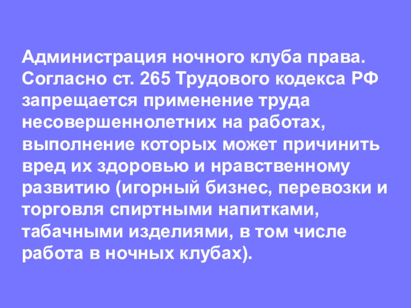 Слайд 45Администрация ночного клуба права. Согласно ст. 265 Трудового кодекса РФ запрещается
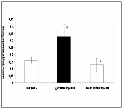 Рис. 2. Активность АПФ у онкологических больных при химиотерапевтическом воздействии (нмоль продукта, образовавшегося за 1 мин инкубации на 1 мг белка, Mm, n=1218; достоверность отличий: * - p< 0,05 относительно контроля; ++ - p< 0,01 относительно до химиотерапии).
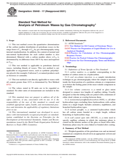 ASTM D5442-17(2021) is a standard published by ASTM International. Its full title is "Standard Test Method for Analysis of Petroleum Waxes by Gas Chromatography". This standard covers: SIGNIFICANCE AND USE 5.1 The determination of the carbon number distribution of petroleum waxes and the normal and non-normal hydrocarbons in each can be used for control of production processes as well as a guide to performance in many end uses. 5.2 Data resulting from this test method are particularly useful in evaluating petroleum waxes for use in rubber formulations. SCOPE 1.1 This test method covers the quantitative determination of the carbon number distribution of petroleum waxes in the range from n-C17 through n-C44 by gas chromatography using internal standardization. In addition, the content of normal and non-normal hydrocarbons for each carbon number is also determined. Material with a carbon number above n-C44 is determined by its difference from 100 % by mass and reported as C45+. 1.2 This test method is applicable to petroleum derived waxes, including blends of waxes. This test method is not applicable to oxygenated waxes, such as synthetic polyethylene glycols (for example, Carbowax2), or natural products such as beeswax or carnauba. 1.3 This test method is not directly applicable to waxes with oil content greater than 10 % as determined by Test Method D721. 1.4 The values stated in SI units are to be regarded as standard. No other units of measurement are included in this standard. 1.5 This standard does not purport to address all of the safety concerns, if any, associated with its use. It is the responsibility of the user of this standard to consult and establish appropriate safety, health, and environmental practices and determine the applicability of regulatory limitations prior to use. 1.6 This international standard was developed in accordance with internationally recognized principles on standardization established in the Decision on Principles for the Development of International Standards, Guides and Recommendations issued by the World Trade Organization Technical Barriers to Trade (TBT) Committee.
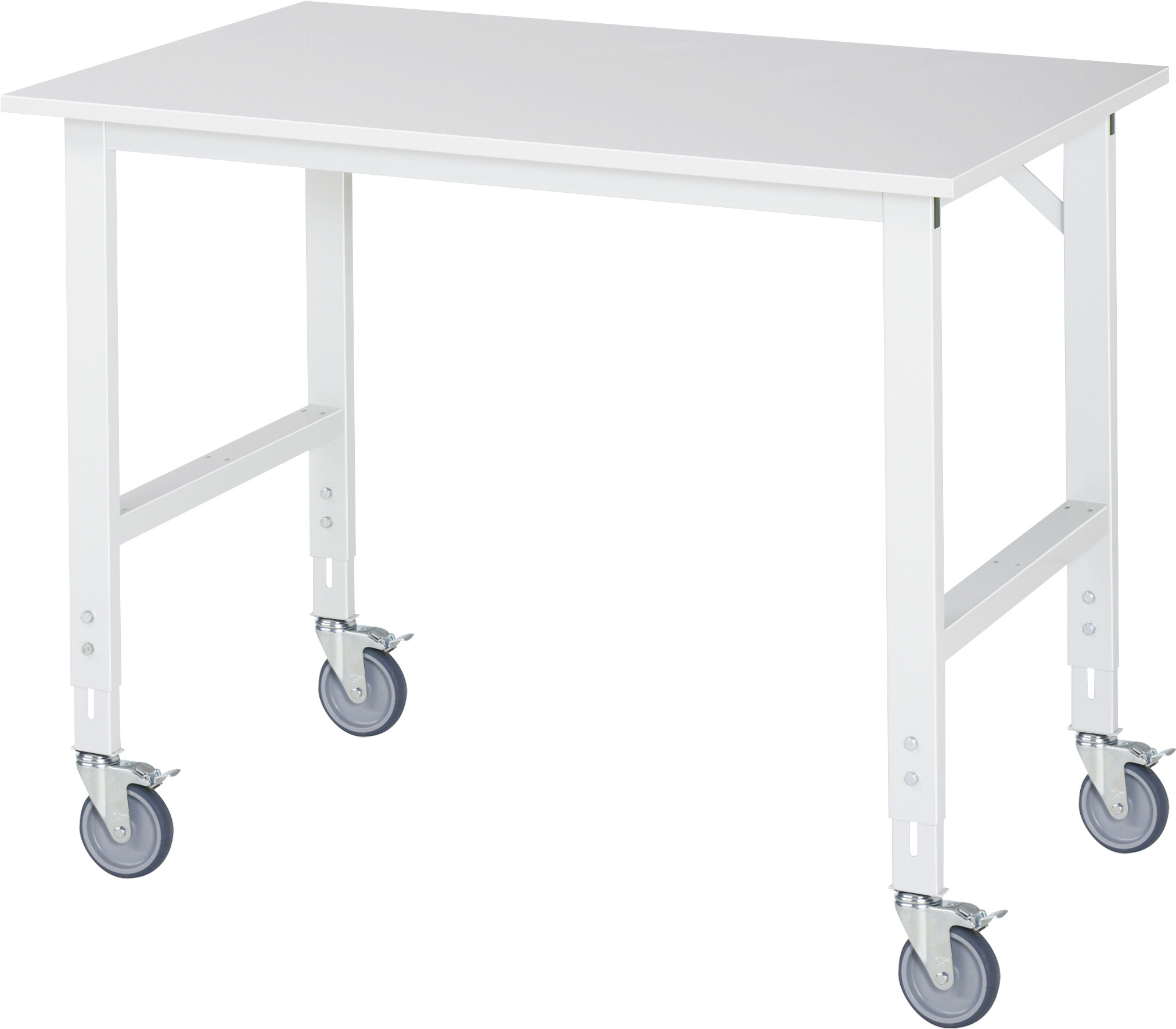 Fahrbarer Arbeitstisch Tom (verstellbar) B1250 x T800 x H910-1230 mm Melaminharzbeschichtete-Platte 22 mm. Gestell Vierkantrohr. 4 Lenkrollen mit Feststeller Pulverbeschichtung Flächenlast max. 450 kg Lieferung zerlegt - einfachste Montage Qualitätsgarantie 5 Jahre Made in Germany
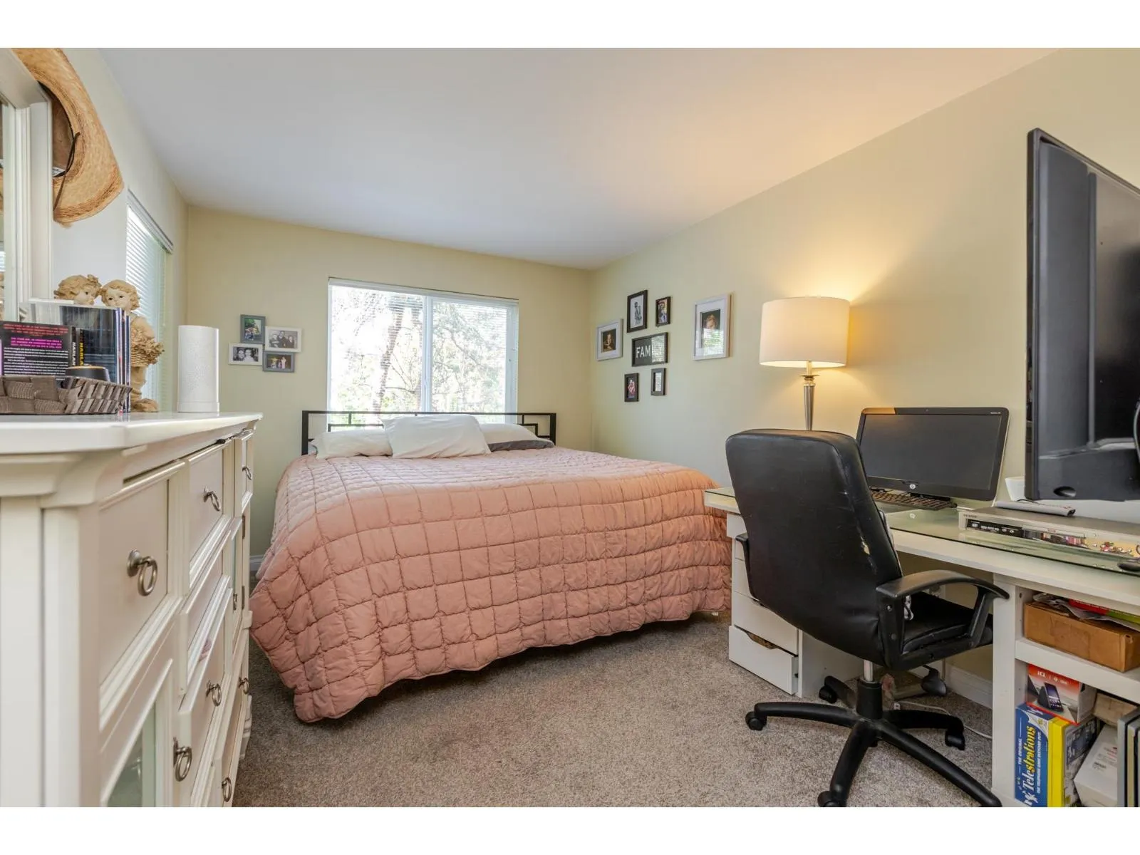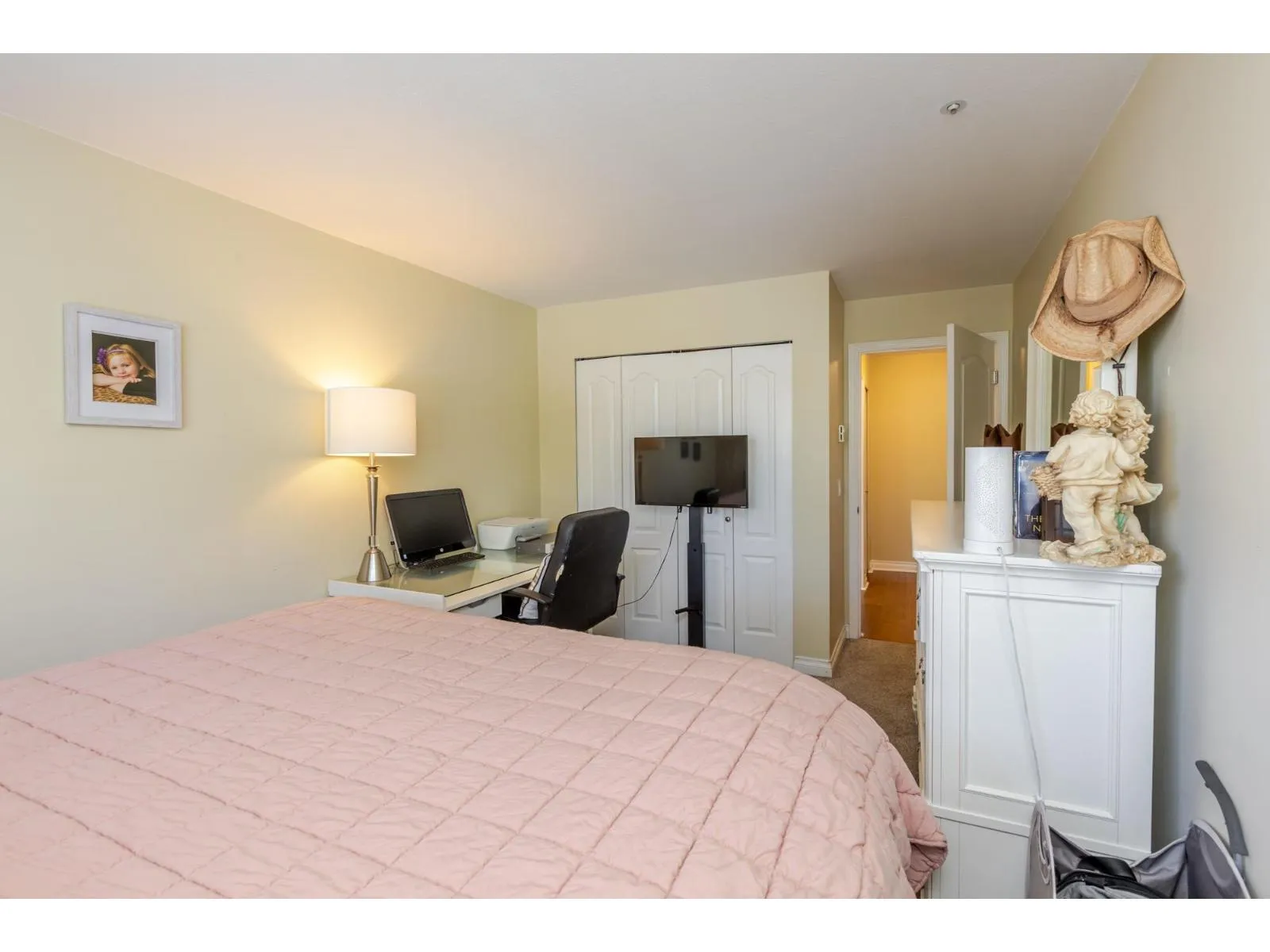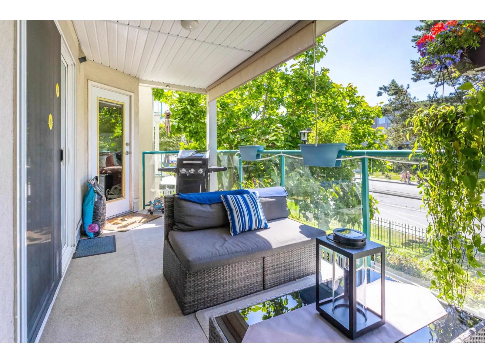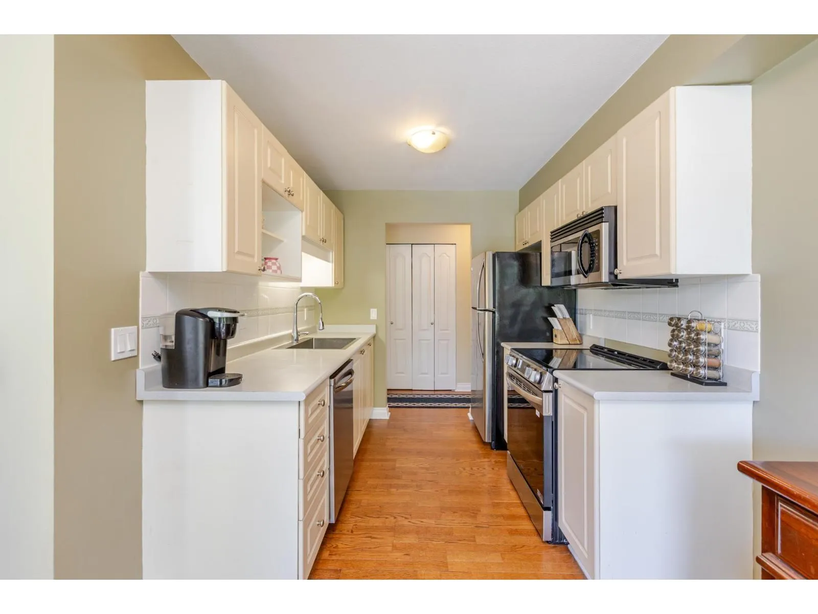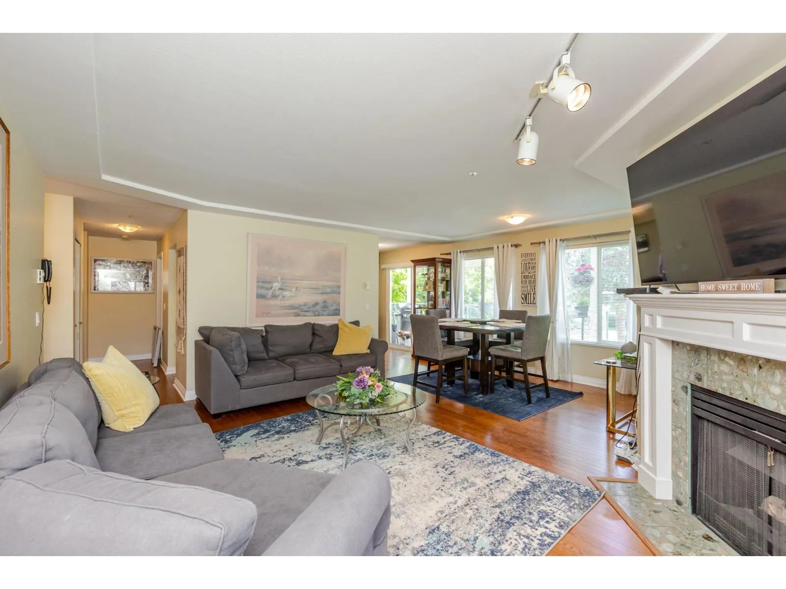 Countryside Estates. Spacious corner unit with generous room sizes and lots of natural light. Great layout with the 2 bedrooms on opposite sides. Nice hardwood floors, good sized walk in laundry room and a large entrance foyer. Spacious primary bedroom with double closets & 4 pce ensuite. Definitely room for a king size bed. Main bathroom has a walk in shower. Cozy corner gas fireplace, lots of windows, updated light fixtures and plenty of storage. Enjoy the outdoors with a large balcony off Primary bedroom and a second balcony off the living room. Shade trees provide coolers decks in summer. Great, well run strata with natural gas and hot water included in maintenance fees. Close to all amenities, parks, schools and transportation. (id:27476)
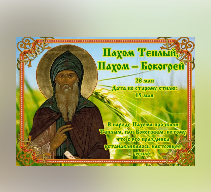 Народный праздник Пахом Теплый отмечается 28 мая 2024 года (дата по старому стилю – 15 мая). Православная церковь в этот день чтит память преподобного Пахомия Великого, Египетского, Фиваидского.
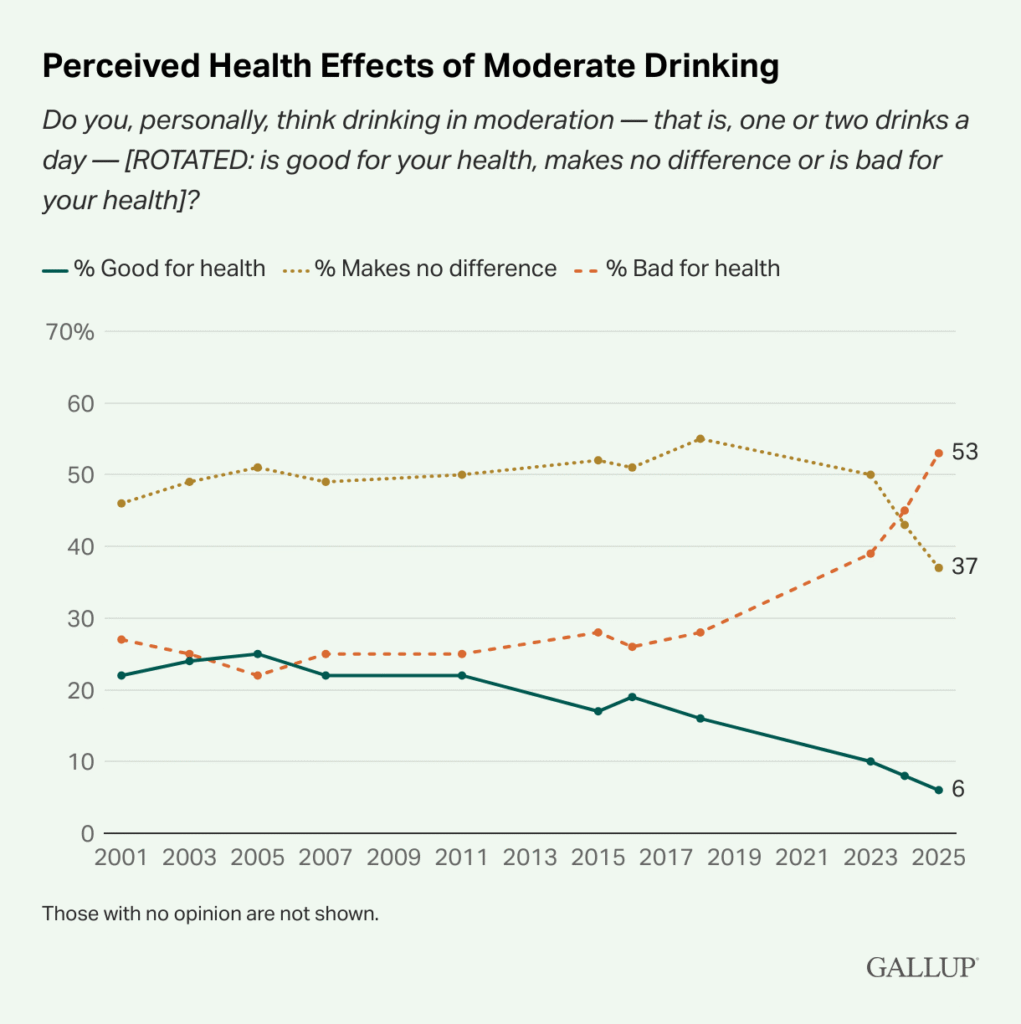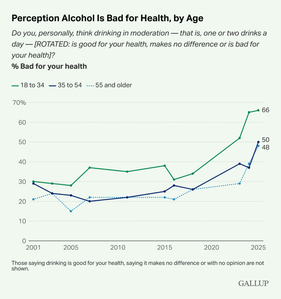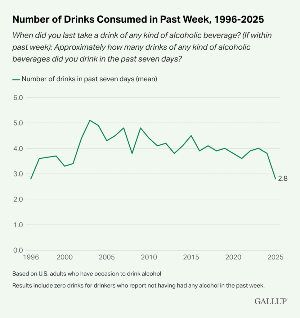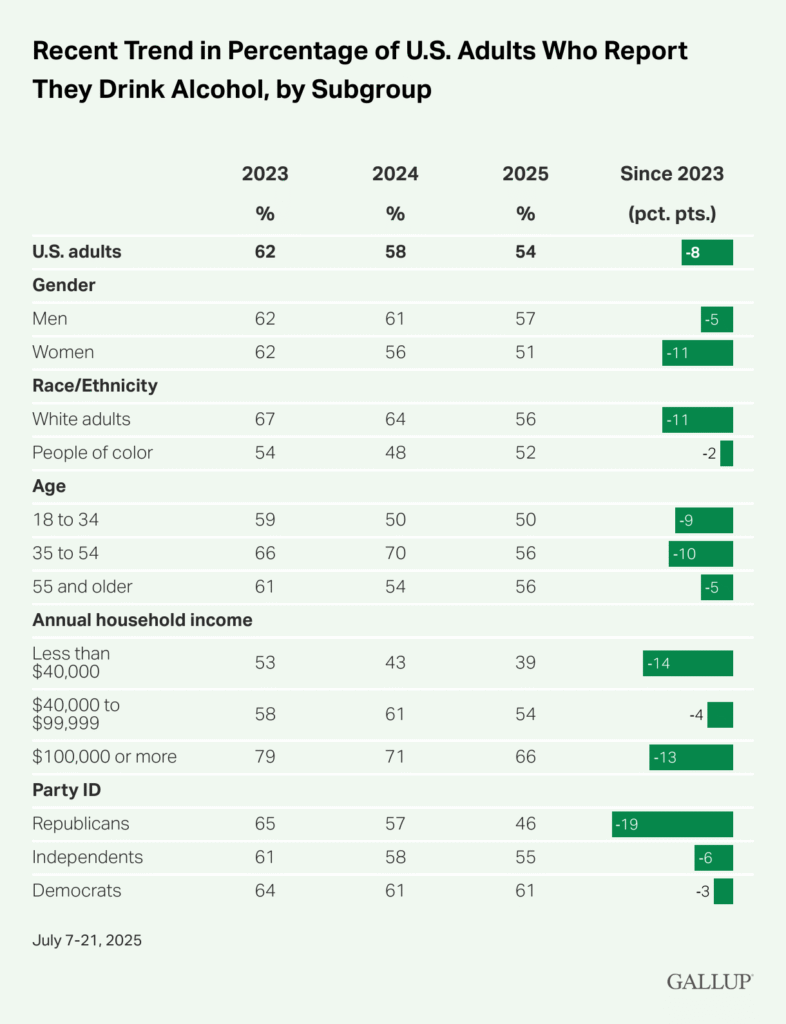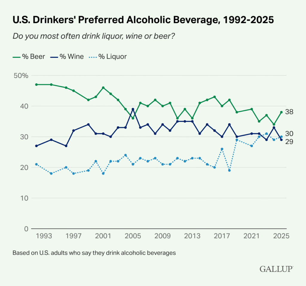 Ieri mi sono imbattuto nel rapporto Gallup 2025 sulle abitudini di consumo di bevande alcoliche, negli USA pubblicato lo scorso agosto. Un rapporto che non avevo mai visto prima e che traccia un quadro chiaro della situazione attuale del mercato statunitense.
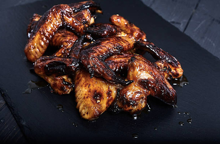 Подавать крылья с соусом: это может быть классическое сочетания 2 ст.л. растопленного сливочного масла и 1/2 чашки острого соуса на основе перца, соус терияки или просто глазурь из бурбона. Выбирайте именно то дополнение, которое больше всего отвечает вашему вкусу.
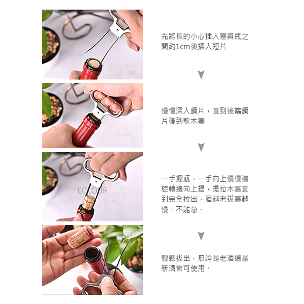 • 不破壞酒瓶塞完整拔出 不怕有木削掉入瓶中
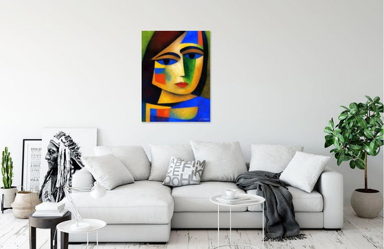 Dit abstracte canvas met de afbeelding van een Indiase vrouw verfraait je woonkamer in de zuiverste traditie van moderne abstracte schilderkunst.
☆ ☆ ☆ ☆ ☆ ☆ ☆
- Task requirements
What is needed is an exact copy of the lines above, from the one holding "Fahrbarer Arbeitstisch Tom" down to the one holding "Народный праздник Пахом", with those two included and the pictures left out.

- Written solution
 Fahrbarer Arbeitstisch Tom (verstellbar) B1250 x T800 x H910-1230 mm Melaminharzbeschichtete-Platte 22 mm. Gestell Vierkantrohr. 4 Lenkrollen mit Feststeller Pulverbeschichtung Flächenlast max. 450 kg Lieferung zerlegt - einfachste Montage Qualitätsgarantie 5 Jahre Made in Germany
 Countryside Estates. Spacious corner unit with generous room sizes and lots of natural light. Great layout with the 2 bedrooms on opposite sides. Nice hardwood floors, good sized walk in laundry room and a large entrance foyer. Spacious primary bedroom with double closets & 4 pce ensuite. Definitely room for a king size bed. Main bathroom has a walk in shower. Cozy corner gas fireplace, lots of windows, updated light fixtures and plenty of storage. Enjoy the outdoors with a large balcony off Primary bedroom and a second balcony off the living room. Shade trees provide coolers decks in summer. Great, well run strata with natural gas and hot water included in maintenance fees. Close to all amenities, parks, schools and transportation. (id:27476)
 Народный праздник Пахом Теплый отмечается 28 мая 2024 года (дата по старому стилю – 15 мая). Православная церковь в этот день чтит память преподобного Пахомия Великого, Египетского, Фиваидского.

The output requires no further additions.